▶ WHAT THE EXERCISE ASKS: Set down exact lines only, from the line with "Color Level 4.colour" through the last line of the material below, with every picture left out.
SOURCE MATERIAL section start
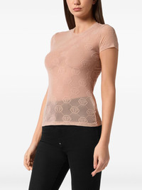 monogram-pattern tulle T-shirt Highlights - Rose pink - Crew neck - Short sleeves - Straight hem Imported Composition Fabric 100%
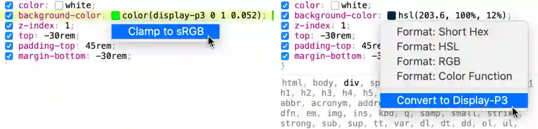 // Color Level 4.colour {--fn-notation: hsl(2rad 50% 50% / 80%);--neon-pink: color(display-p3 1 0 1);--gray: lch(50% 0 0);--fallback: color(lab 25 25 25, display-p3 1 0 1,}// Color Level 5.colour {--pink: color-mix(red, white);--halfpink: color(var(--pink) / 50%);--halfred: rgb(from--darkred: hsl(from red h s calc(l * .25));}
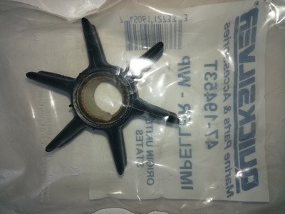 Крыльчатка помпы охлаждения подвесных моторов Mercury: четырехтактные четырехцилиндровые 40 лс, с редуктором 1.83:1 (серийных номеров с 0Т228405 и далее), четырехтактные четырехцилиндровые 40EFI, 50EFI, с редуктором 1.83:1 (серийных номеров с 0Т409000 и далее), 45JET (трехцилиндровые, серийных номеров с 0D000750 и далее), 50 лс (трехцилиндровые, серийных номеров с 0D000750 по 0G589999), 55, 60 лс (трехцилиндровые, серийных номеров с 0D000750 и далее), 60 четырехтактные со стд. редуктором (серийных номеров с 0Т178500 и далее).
SOURCE MATERIAL section end
▶ EXERCISE RESULT:
 // Color Level 4.colour {--fn-notation: hsl(2rad 50% 50% / 80%);--neon-pink: color(display-p3 1 0 1);--gray: lch(50% 0 0);--fallback: color(lab 25 25 25, display-p3 1 0 1,}// Color Level 5.colour {--pink: color-mix(red, white);--halfpink: color(var(--pink) / 50%);--halfred: rgb(from--darkred: hsl(from red h s calc(l * .25));}
 Крыльчатка помпы охлаждения подвесных моторов Mercury: четырехтактные четырехцилиндровые 40 лс, с редуктором 1.83:1 (серийных номеров с 0Т228405 и далее), четырехтактные четырехцилиндровые 40EFI, 50EFI, с редуктором 1.83:1 (серийных номеров с 0Т409000 и далее), 45JET (трехцилиндровые, серийных номеров с 0D000750 и далее), 50 лс (трехцилиндровые, серийных номеров с 0D000750 по 0G589999), 55, 60 лс (трехцилиндровые, серийных номеров с 0D000750 и далее), 60 четырехтактные со стд. редуктором (серийных номеров с 0Т178500 и далее).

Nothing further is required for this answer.